Saturday 26th March 2016 - between 3.30pm - 6pm
It's Saturday in the Easter holidays, I had a migraine and little energy so I decided to have a nap as I was already laying in bed reading.
This episode of lucid dreaming was so clear, and so different it feels quite distinct from my past experiences. A typical scenario is where I am already dreaming, and then slip into some level of consciousness of the fact that I'm dreaming. And then the idea of wishing to 'take part', or be in control of the dream comes into focus. It's as if the concept of 'me' comes into focus where my nose is (between my eyes, as I'm 'seeing' in the dream with them). As though you take control of a virtual game which uses the perspective of the eyes to navigate the imaginary world. And now I'm in control of that person.
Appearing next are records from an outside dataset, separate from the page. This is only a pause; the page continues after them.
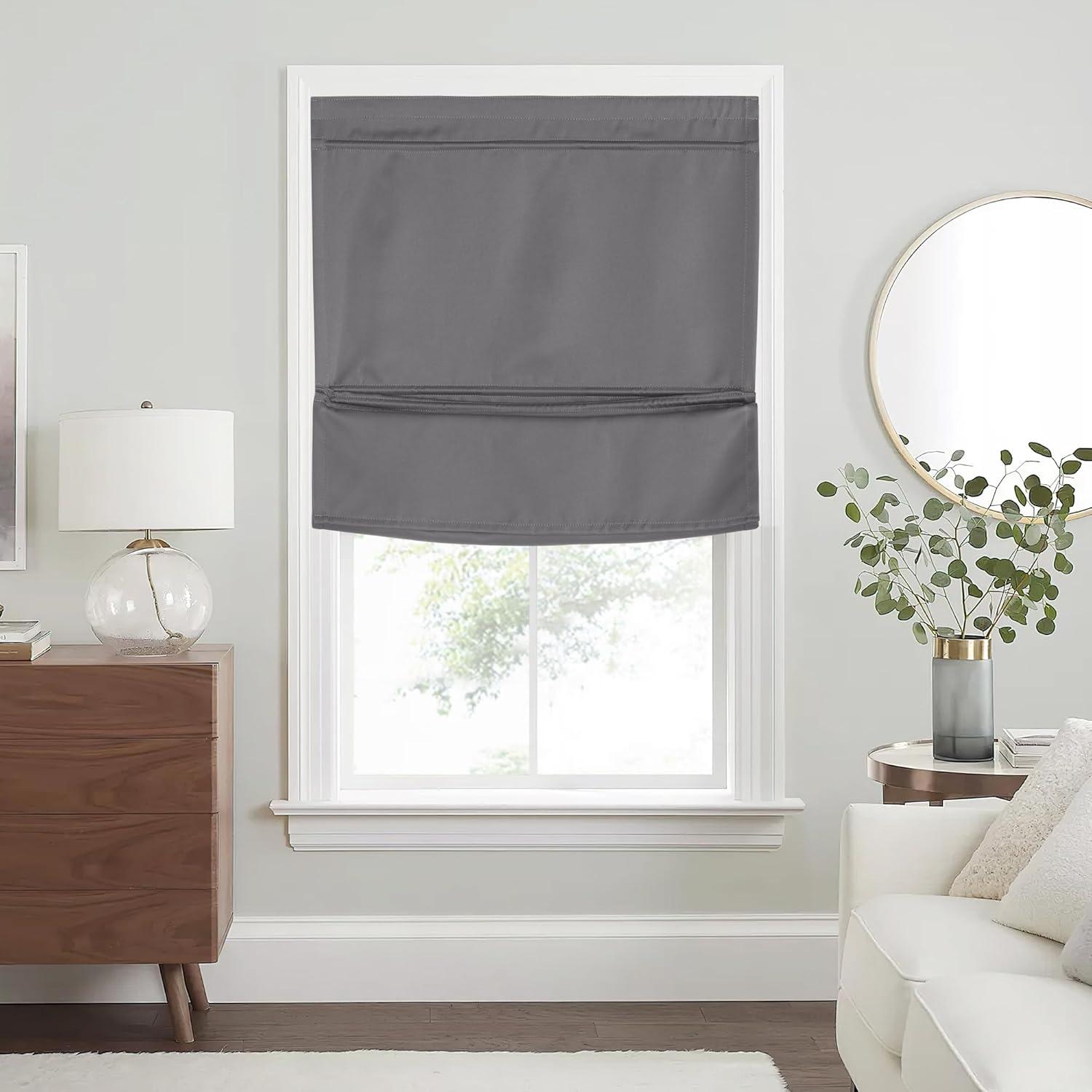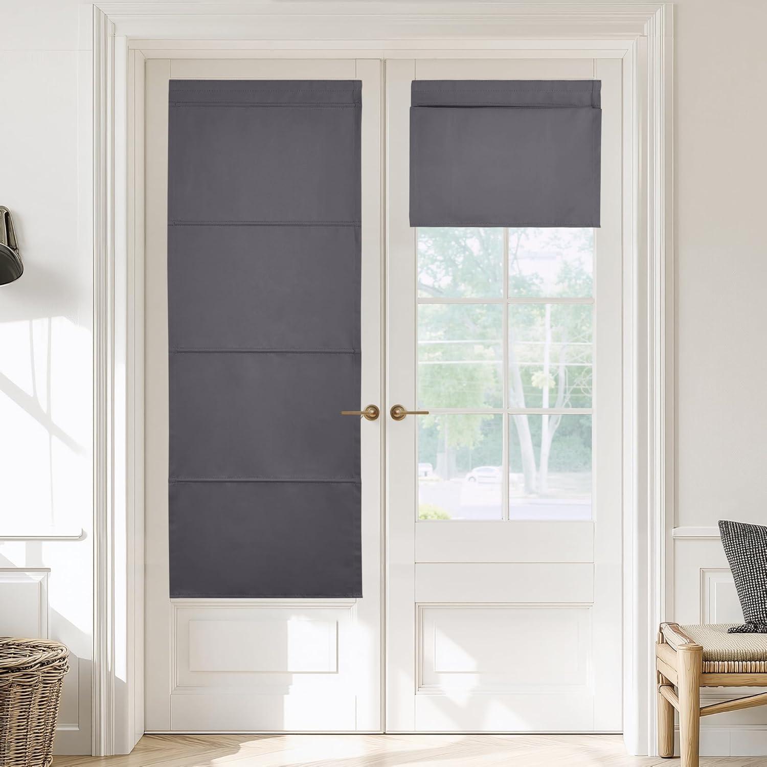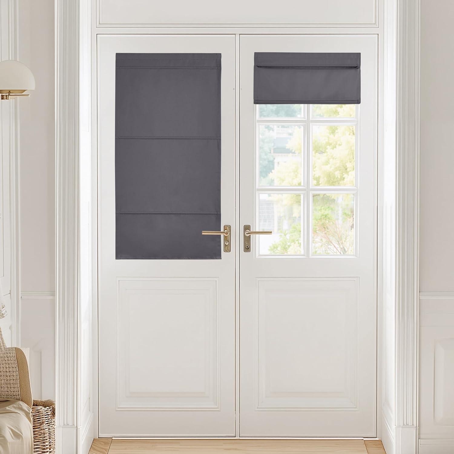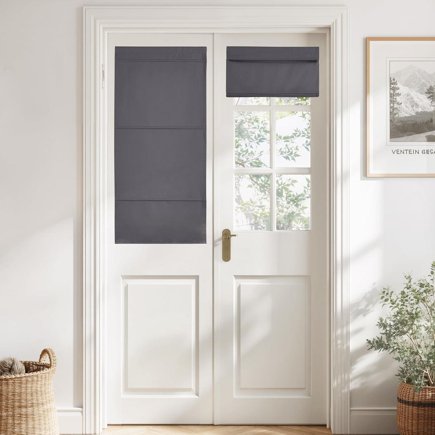NICETOWN No Drill Roman Shadeo No Tools Door Blinds for Side Door, Privacy Thermal Insulation Magnetic Window Curtains for French Front, 1 Panel, 22″ W x 64″ L, Biscotti Beige(Grey)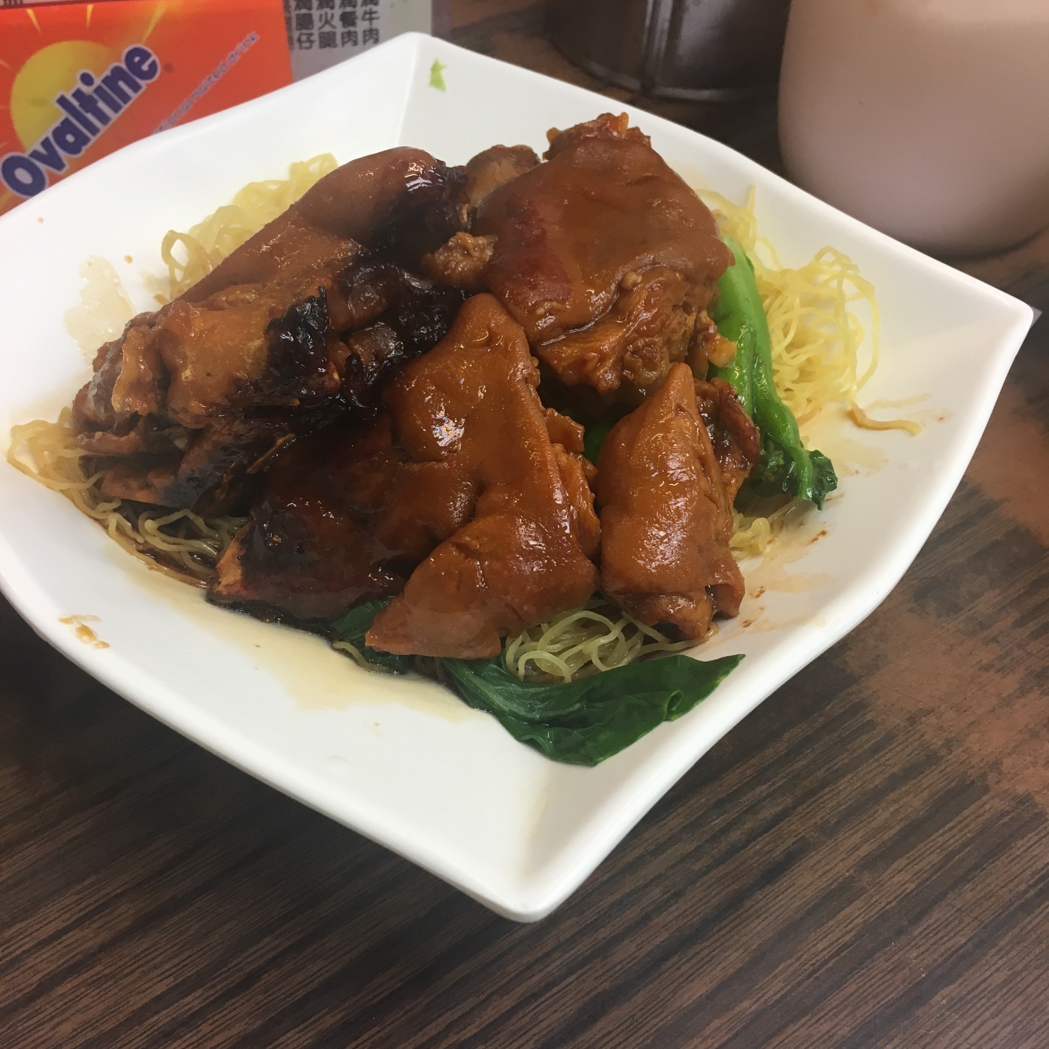 猪手炖的很软烂入味(比文记车仔面的猪手还更软一点儿),虽然量给的还挺多的,不过还是完全吃不够。但是这种类型的面(竹升面吗?)我实在是无力接受,碱味很重,汤面可能会好一些吧。来不及尝“蛋牛治”了,只能下次了,大家可以去试一试。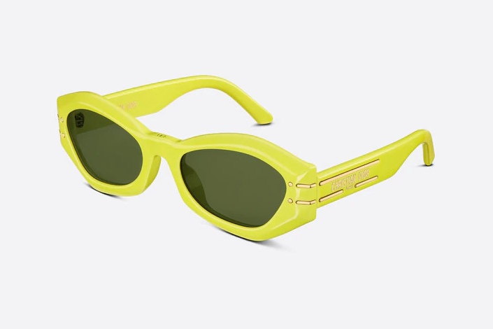 Consider a neon-colored frame that plays on curves for sunnies that pop. If you’re cautious about going with a bold choice without trying them on, Dior offers a “try online” feature. It requires access to your device’s camera, then the eyewear you want to fit pops on your face like an Instagram filter.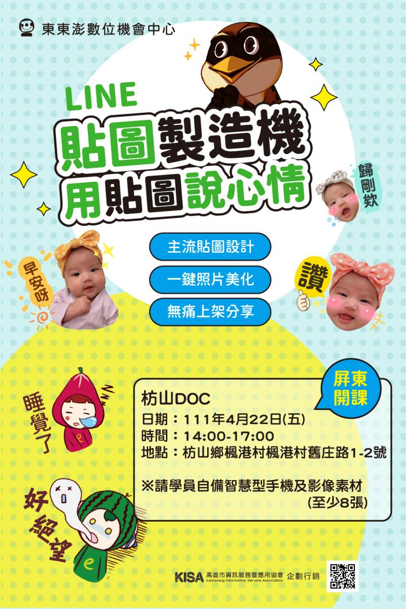 一般人也能自製 LINE 貼圖,不一定要做很厲害的設計,訴求輕鬆、簡單、快速上架。使用相機拍攝的照片,加上喜歡的文字就能製作貼圖。開啟濾鏡功能,即可將畫好的插圖或照片換上不同風格,畫布功能,即可隨手畫出插圖,還可以使用LINE虛擬人像,製作與您相似的貼圖。免費課程機會難得,歡迎有興趣的學員一起來上課!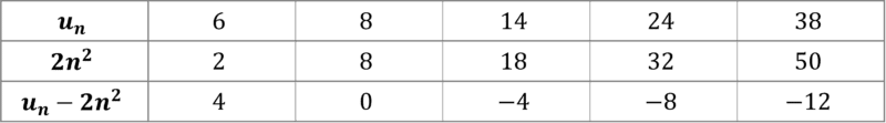We then subtract the sequence with nth term 2n^2 away from our original sequence, u_n.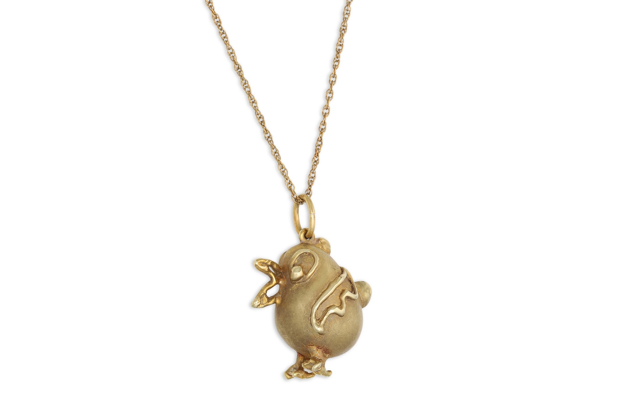 A 14CT YELLOW GOLD 1970'S PENDANT, depicting an abstract chicken, on a 9ct chain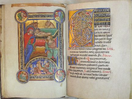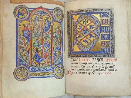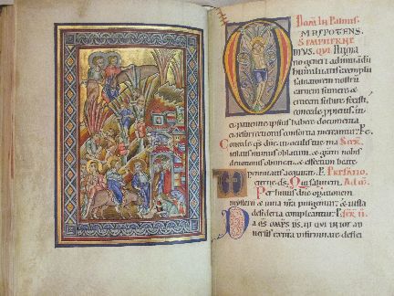 14 Ganzseitige Miniaturen, 21 Seiten mit Ornamentik, 343 bis zu 15 cm hohe Initialen in Gold und Silber.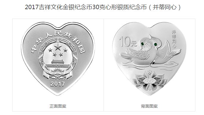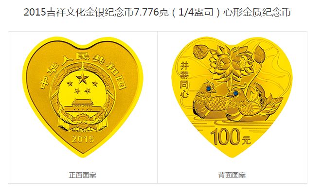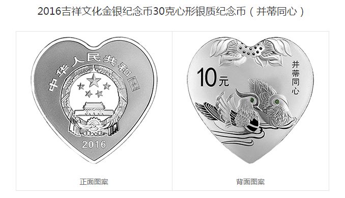 吉祥文化中的心形纪念币,央行从2015年就开始发行了,今年是第6个年头。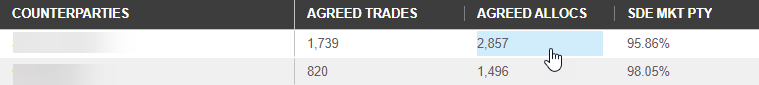 The data grid displays the results of your filter selections in a table. Metric names appear as column headers, and counterparty organization names appear as rows.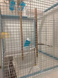 Voliera come nuova . Misure 143 cmx 53 cm . Divisibile in 2 . Accessori : 4 mangiatoie , 5 beverini , 4 bastoni lunghi , altalena .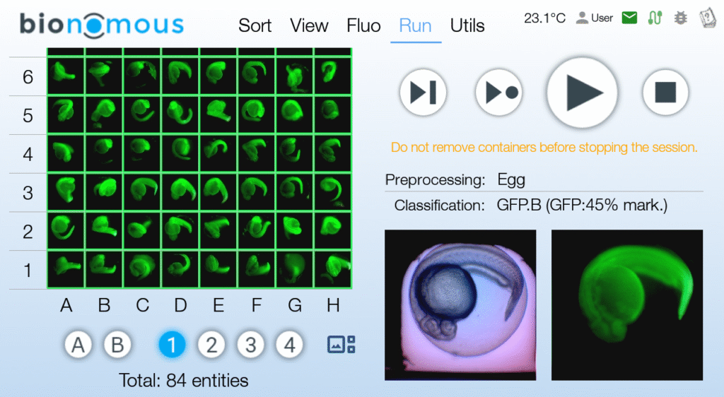 Our goal was to robotize the sorting of the fish eggs to improve our productivity. We acknowledge the perseverance of Bionomous to solve technical difficulties and successfully deliver the tool adapted to our specific needs. The eggsorter dedicated to Medaka fish eggs facilitates the work of our technicians.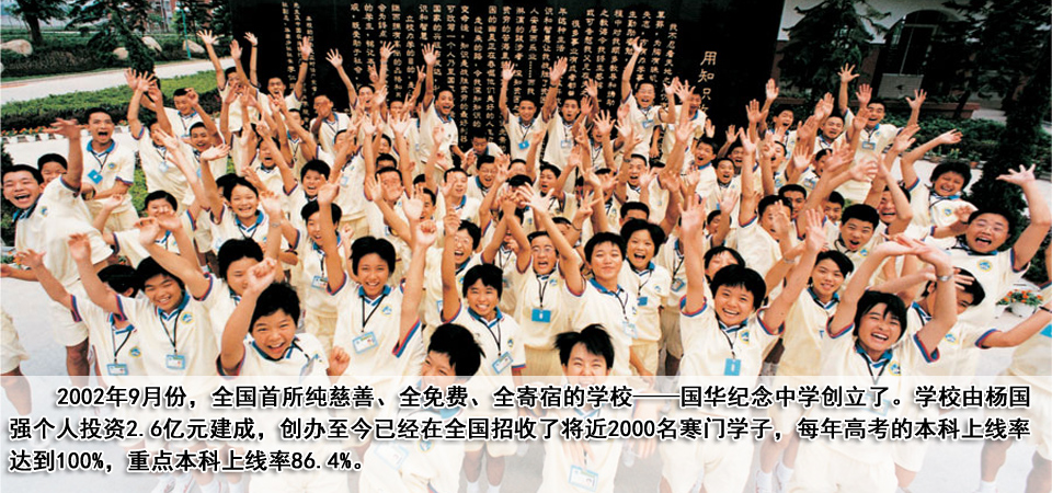 在楊國華去世10多年以后,楊國強(qiáng)計(jì)劃,以大哥的名字成立一所學(xué)校,一所只招收中國最貧困、最優(yōu)秀學(xué)生的全日制慈善高中——國華紀(jì)念中學(xué),以此來紀(jì)念英年早逝的大哥。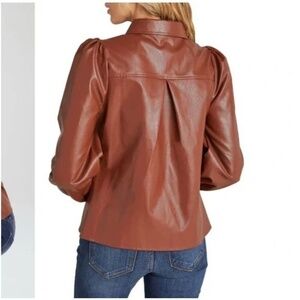 NWT VICI Pleather Vegan Leather Puffed Sleeve Button Down Shirt Caramel Brown M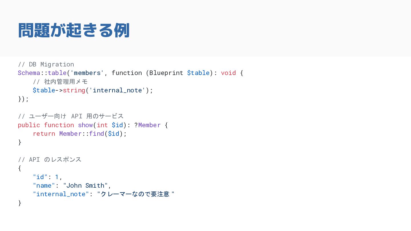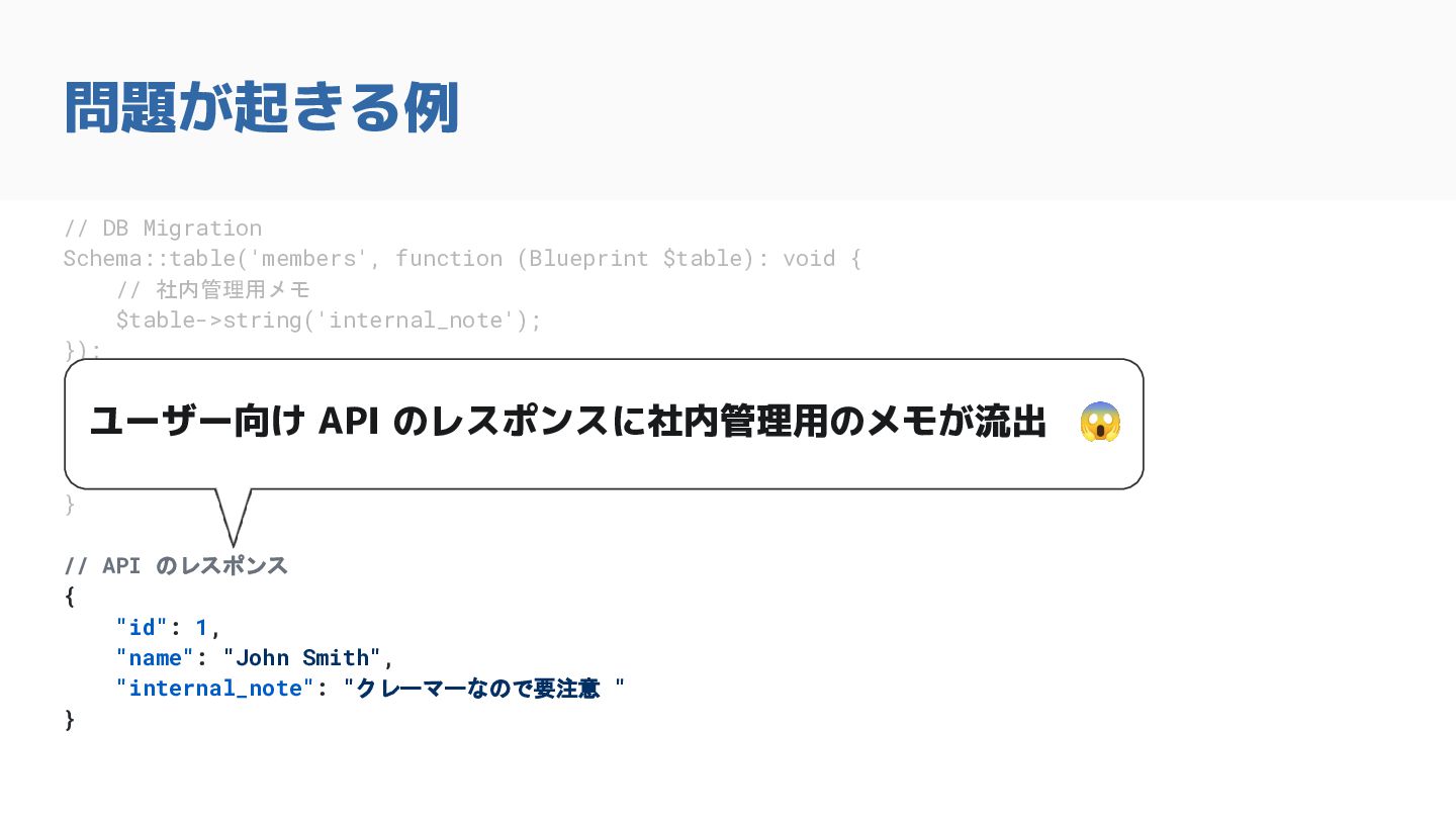 // 社内管理用メモ $table->string('internal_note'); }); // ユーザー向け API 用のサービス public function show(int $id): ?Member { return Member::find($id); } // API のレスポンス { "id": 1, "name": "John Smith", "internal_note": "クレーマーなので要注意 " } ユーザー向け API のレスポンスに社内管理用のメモが流出 😱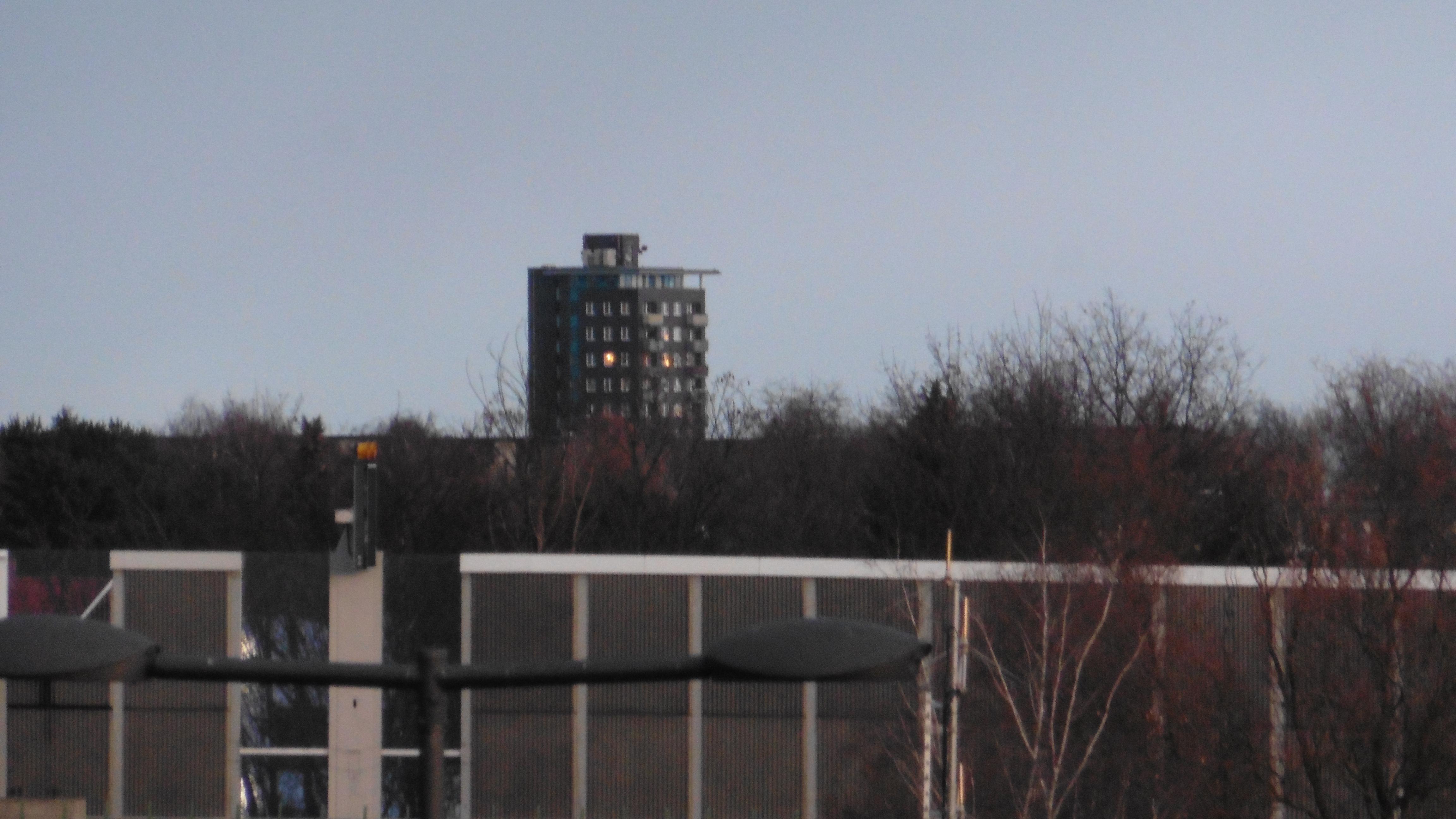 Sicht vom Parkhaus P4 Richtung Wohnhochhaus (Ost-Nordost)

I then mess around with plot lines (there's definite future-orientated thinking as you know there would be implications to your changes and that you'd have to change some of those to achieve the desired goal e.g. to remove yourself from a situation in a certain way in a nightmare to avoid a disaster, or to make surely those events simply didn't happen at all.
For example, in the past, in this kind of state, I was standing on beach when I saw that the tide was retracting. Instantaneously I had the memory of the 2004 tsunami and that I'd learnt in a school geography class that this is a indicator of a tsunami wave forming out at sea. For my own safety, if I was to ever see that, I'd told myself I would tell people to evacuate the beach and run for higher ground. And so that's what I did in the dream, drawing on the accumulation of those memories in quick succession - they orientated my behaviour in the dream. Unfortunately, the person I love and my family had been around me on the beach in the dream. Knowing I couldn't direct their behaviour, only my own, in the lucid state, and therefore potentially couldn't save them I did the only thing I could think of to save them - I changed the dream so that they were all on an airplane (the only place the water couldn't get them). Again this all happens incredibly quickly - the speed of cognition becomes extremely apparent in these states. Sometimes there's no 'filling' detail, but just a quick succession of images. As though you're flicking through a book of images at varying speeds, with varying continuity and very quickly getting up to speed on the new context to decide what to do next. Despite ensuring the entire beach fled, I only managed to barely save myself because of the time it'd taken to think to put my loved ones on the airplane. The wave had still been coming this whole time. So there's some time linearity. But again, strangely, that appears to be a choice. I could have chosen to put the wave back further to where it would have been if no time had passed. But I knew I was going to escape, 'just', so I allowed the dream to play on.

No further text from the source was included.